Data extract
• • • • • • •

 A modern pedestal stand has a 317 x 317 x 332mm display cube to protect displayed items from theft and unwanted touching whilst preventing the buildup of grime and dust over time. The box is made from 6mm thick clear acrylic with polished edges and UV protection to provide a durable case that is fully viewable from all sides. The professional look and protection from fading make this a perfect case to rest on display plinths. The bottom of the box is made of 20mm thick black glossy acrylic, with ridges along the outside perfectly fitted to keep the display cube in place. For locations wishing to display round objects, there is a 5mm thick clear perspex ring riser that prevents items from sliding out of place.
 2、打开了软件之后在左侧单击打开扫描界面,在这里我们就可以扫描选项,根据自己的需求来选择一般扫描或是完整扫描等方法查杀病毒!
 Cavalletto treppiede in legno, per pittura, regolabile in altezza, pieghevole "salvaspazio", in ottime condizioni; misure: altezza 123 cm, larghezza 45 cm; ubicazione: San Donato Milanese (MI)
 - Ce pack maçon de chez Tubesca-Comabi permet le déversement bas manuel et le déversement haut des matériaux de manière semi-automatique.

• • • • • • •

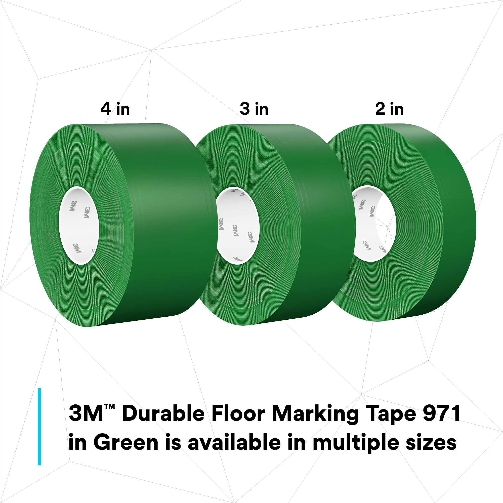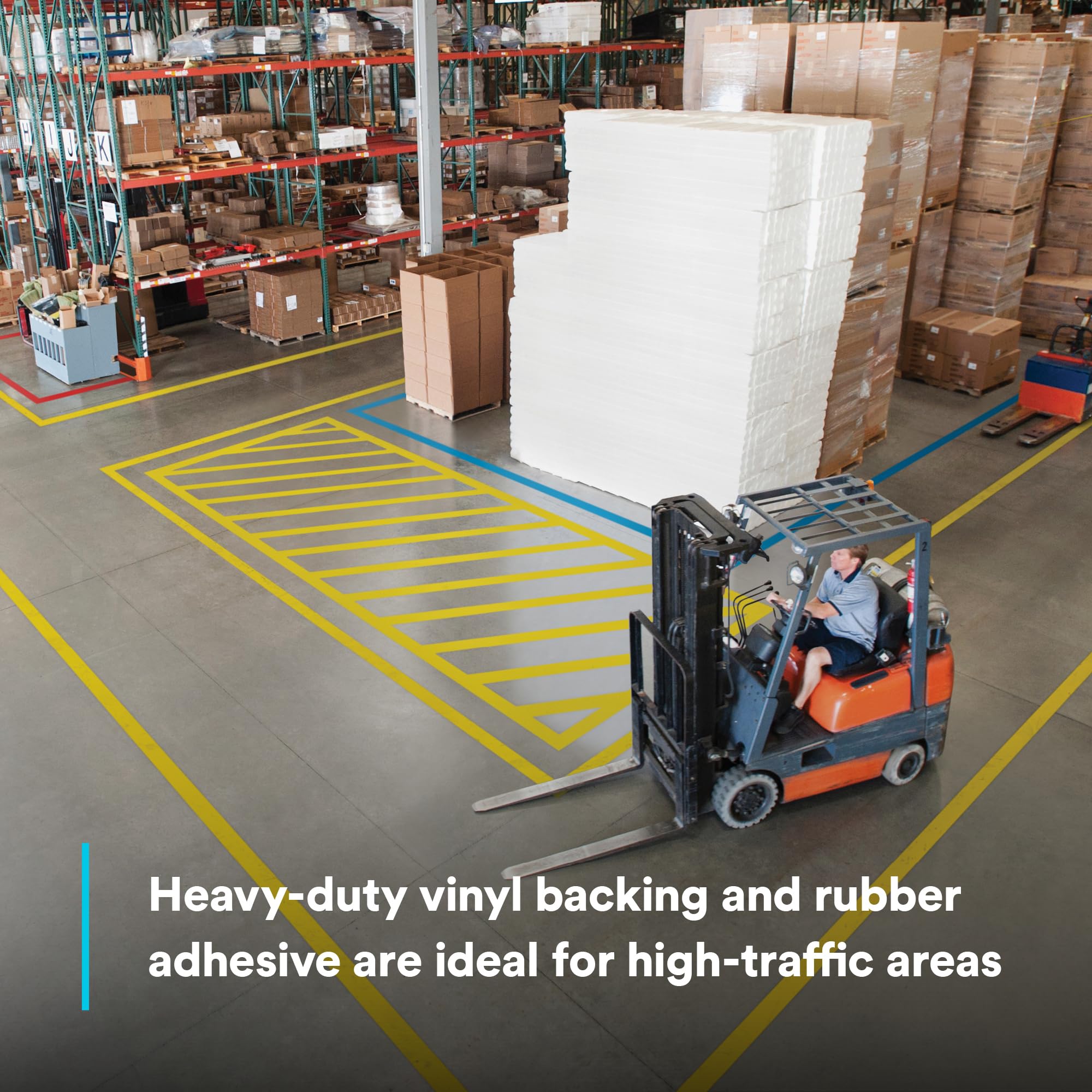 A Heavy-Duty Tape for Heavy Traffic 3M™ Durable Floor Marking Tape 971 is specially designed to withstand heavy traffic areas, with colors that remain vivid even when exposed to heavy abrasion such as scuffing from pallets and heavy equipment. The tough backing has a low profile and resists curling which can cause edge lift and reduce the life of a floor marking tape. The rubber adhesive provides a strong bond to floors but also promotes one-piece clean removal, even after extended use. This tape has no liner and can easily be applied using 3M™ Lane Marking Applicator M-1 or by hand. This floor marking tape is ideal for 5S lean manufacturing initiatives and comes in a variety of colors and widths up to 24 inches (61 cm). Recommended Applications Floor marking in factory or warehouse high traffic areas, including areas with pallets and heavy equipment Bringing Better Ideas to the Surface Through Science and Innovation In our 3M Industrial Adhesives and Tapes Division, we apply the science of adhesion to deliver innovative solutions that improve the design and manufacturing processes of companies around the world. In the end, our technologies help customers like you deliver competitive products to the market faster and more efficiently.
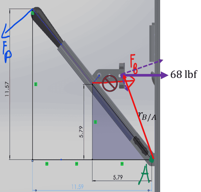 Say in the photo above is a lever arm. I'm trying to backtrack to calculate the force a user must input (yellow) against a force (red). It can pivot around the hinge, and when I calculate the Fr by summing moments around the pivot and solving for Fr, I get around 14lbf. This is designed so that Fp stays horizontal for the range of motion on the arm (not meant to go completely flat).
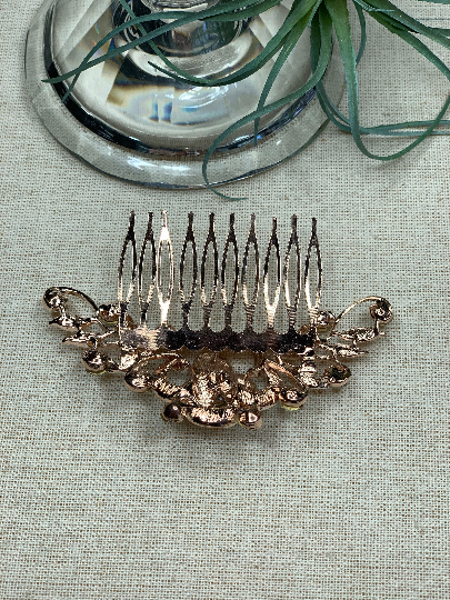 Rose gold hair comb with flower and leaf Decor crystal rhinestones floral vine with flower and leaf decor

• • • • • • •

Activity
Can you repeat, word for word, every line above from the one containing "Cavalletto treppiede in" down to the one containing "- Ce pack maçon", including both?

Response area
 Cavalletto treppiede in legno, per pittura, regolabile in altezza, pieghevole "salvaspazio", in ottime condizioni; misure: altezza 123 cm, larghezza 45 cm; ubicazione: San Donato Milanese (MI)
 - Ce pack maçon de chez Tubesca-Comabi permet le déversement bas manuel et le déversement haut des matériaux de manière semi-automatique.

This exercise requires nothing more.